#### EXERCISE OBJECTIVE:
Once the line holding "신축된 중거리 장자골" is found in the entries below, transcribe exactly every line up to and including the one holding "根據(jù)國家統(tǒng", but leave out the pictures.

:: RECORDS ::

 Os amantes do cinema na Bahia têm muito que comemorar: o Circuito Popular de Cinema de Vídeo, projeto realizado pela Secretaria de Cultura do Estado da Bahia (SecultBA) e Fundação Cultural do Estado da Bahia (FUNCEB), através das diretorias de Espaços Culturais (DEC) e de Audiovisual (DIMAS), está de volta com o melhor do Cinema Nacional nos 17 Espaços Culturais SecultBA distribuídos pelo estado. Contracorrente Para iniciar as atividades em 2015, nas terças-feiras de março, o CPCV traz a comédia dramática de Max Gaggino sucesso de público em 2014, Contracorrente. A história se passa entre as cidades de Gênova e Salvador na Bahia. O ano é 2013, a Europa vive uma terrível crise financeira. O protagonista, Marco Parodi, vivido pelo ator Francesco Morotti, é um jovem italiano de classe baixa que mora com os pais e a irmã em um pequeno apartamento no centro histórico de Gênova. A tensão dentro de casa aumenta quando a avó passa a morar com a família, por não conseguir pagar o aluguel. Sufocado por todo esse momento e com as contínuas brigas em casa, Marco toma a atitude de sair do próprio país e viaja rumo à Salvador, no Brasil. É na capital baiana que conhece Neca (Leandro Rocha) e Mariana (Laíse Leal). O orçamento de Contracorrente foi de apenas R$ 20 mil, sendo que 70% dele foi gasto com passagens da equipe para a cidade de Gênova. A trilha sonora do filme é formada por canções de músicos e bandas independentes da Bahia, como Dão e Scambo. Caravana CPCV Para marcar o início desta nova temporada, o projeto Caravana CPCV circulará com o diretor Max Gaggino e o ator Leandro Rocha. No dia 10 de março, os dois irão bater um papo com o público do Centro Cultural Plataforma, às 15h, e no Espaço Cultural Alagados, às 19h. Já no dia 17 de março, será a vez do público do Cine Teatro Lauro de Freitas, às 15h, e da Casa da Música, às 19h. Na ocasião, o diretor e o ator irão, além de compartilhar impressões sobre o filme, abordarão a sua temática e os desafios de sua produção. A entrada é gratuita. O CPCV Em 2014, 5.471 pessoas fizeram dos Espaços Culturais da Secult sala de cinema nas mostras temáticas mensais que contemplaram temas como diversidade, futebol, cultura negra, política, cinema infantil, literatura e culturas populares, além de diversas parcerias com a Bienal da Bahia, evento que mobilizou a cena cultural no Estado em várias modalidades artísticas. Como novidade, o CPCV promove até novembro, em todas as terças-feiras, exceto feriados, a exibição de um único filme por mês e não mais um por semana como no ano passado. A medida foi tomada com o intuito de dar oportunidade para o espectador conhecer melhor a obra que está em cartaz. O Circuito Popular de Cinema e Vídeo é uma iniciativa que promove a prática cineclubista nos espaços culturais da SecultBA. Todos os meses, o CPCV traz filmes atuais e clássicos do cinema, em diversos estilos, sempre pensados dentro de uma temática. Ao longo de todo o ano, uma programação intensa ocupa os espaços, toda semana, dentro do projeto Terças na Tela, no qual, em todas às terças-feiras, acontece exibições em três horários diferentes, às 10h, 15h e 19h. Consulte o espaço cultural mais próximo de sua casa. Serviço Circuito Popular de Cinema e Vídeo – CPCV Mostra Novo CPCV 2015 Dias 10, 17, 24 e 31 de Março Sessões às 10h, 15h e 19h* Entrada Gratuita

:::
:: RECORDS ::

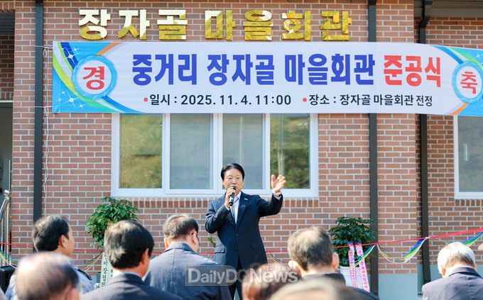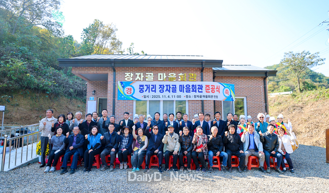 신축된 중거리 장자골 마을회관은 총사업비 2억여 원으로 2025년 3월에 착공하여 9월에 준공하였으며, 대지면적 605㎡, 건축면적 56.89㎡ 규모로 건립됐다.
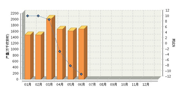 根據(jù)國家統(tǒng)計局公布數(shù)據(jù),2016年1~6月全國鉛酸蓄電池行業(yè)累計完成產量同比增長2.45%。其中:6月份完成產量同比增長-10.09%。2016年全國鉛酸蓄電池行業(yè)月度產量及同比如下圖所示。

:::

#### WRITTEN RESPONSE:
 신축된 중거리 장자골 마을회관은 총사업비 2억여 원으로 2025년 3월에 착공하여 9월에 준공하였으며, 대지면적 605㎡, 건축면적 56.89㎡ 규모로 건립됐다.
 根據(jù)國家統(tǒng)計局公布數(shù)據(jù),2016年1~6月全國鉛酸蓄電池行業(yè)累計完成產量同比增長2.45%。其中:6月份完成產量同比增長-10.09%。2016年全國鉛酸蓄電池行業(yè)月度產量及同比如下圖所示。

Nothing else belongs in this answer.